Data extracts:
+---+

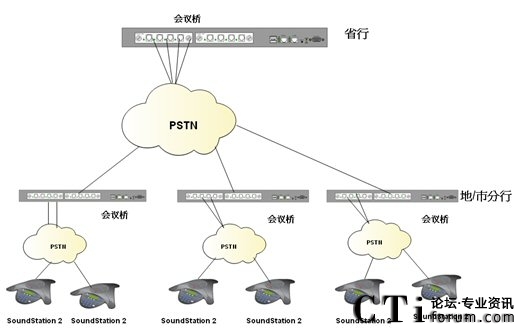 根據(jù)客戶需要在降低會議成本的前提下實現(xiàn)快速、便捷、實時的多點之間多人會議溝通的需求,我們制定了以下解決方案;系統(tǒng)利用傳統(tǒng)電話網(wǎng)絡,是客戶擁有自己的會議管理系統(tǒng);省行方面使用Polycom SS2基本型商務會議電話或普通模擬電話;各個市/縣級分行,根據(jù)自己會場的情況自選設備;
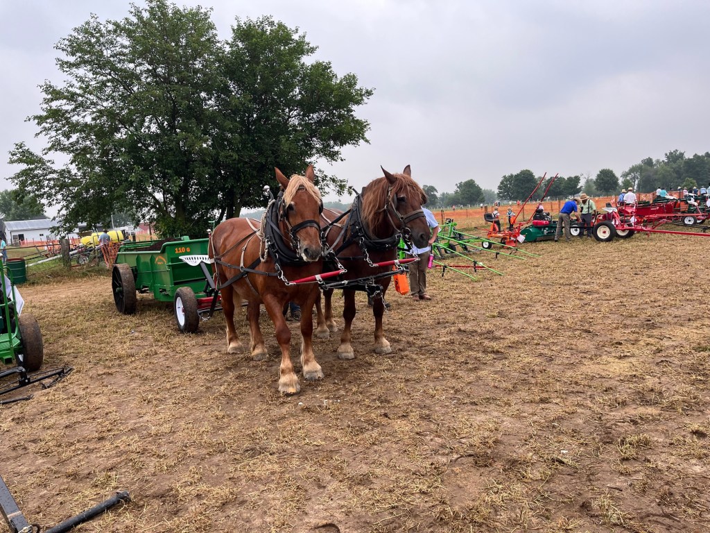 Well, goodbye June, hello July! We attended the annual draft horse event called Horse Progress Days. This year the travelling show was held in Indiana. It was well attended to say the least. There were all sorts of draft horse and farming things to see. Many types of equipment was shown in use and being pulled by draft power. There were speakers on many topics, sheep herding demos, and a whole bunch of vendors! The vendors sold almost everything that you can think of regarding horses, farming and homesteading. We had a great time.
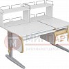 Парта 120 см с раздельной столешницей + тумба + 2 задние двухъярусные приставки
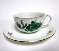 鮮やかなもみの木が描かれ、緑一色で描かれるアウガルテンの芸術的シリーズ。落ち着きのある洗練されたマリアテレジアはウィーン窯を代表する作品です。
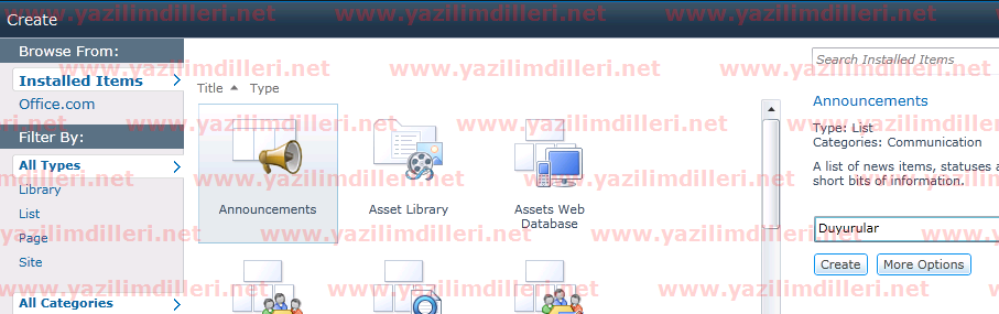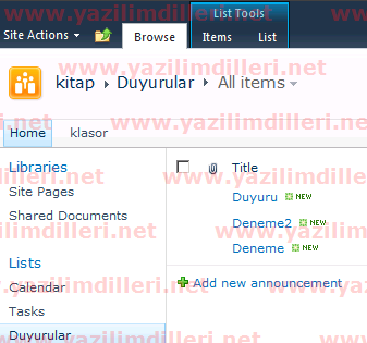 Şimdi Duyurular isminde bir Announcement oluşturalım ve içine kayıt ekleyelim.

+---+

Could you output the full set of entries exactly, skipping every picture?

 根據(jù)客戶需要在降低會議成本的前提下實現(xiàn)快速、便捷、實時的多點之間多人會議溝通的需求,我們制定了以下解決方案;系統(tǒng)利用傳統(tǒng)電話網(wǎng)絡,是客戶擁有自己的會議管理系統(tǒng);省行方面使用Polycom SS2基本型商務會議電話或普通模擬電話;各個市/縣級分行,根據(jù)自己會場的情況自選設備;
 Well, goodbye June, hello July! We attended the annual draft horse event called Horse Progress Days. This year the travelling show was held in Indiana. It was well attended to say the least. There were all sorts of draft horse and farming things to see. Many types of equipment was shown in use and being pulled by draft power. There were speakers on many topics, sheep herding demos, and a whole bunch of vendors! The vendors sold almost everything that you can think of regarding horses, farming and homesteading. We had a great time.
 Парта 120 см с раздельной столешницей + тумба + 2 задние двухъярусные приставки
 鮮やかなもみの木が描かれ、緑一色で描かれるアウガルテンの芸術的シリーズ。落ち着きのある洗練されたマリアテレジアはウィーン窯を代表する作品です。
 Şimdi Duyurular isminde bir Announcement oluşturalım ve içine kayıt ekleyelim.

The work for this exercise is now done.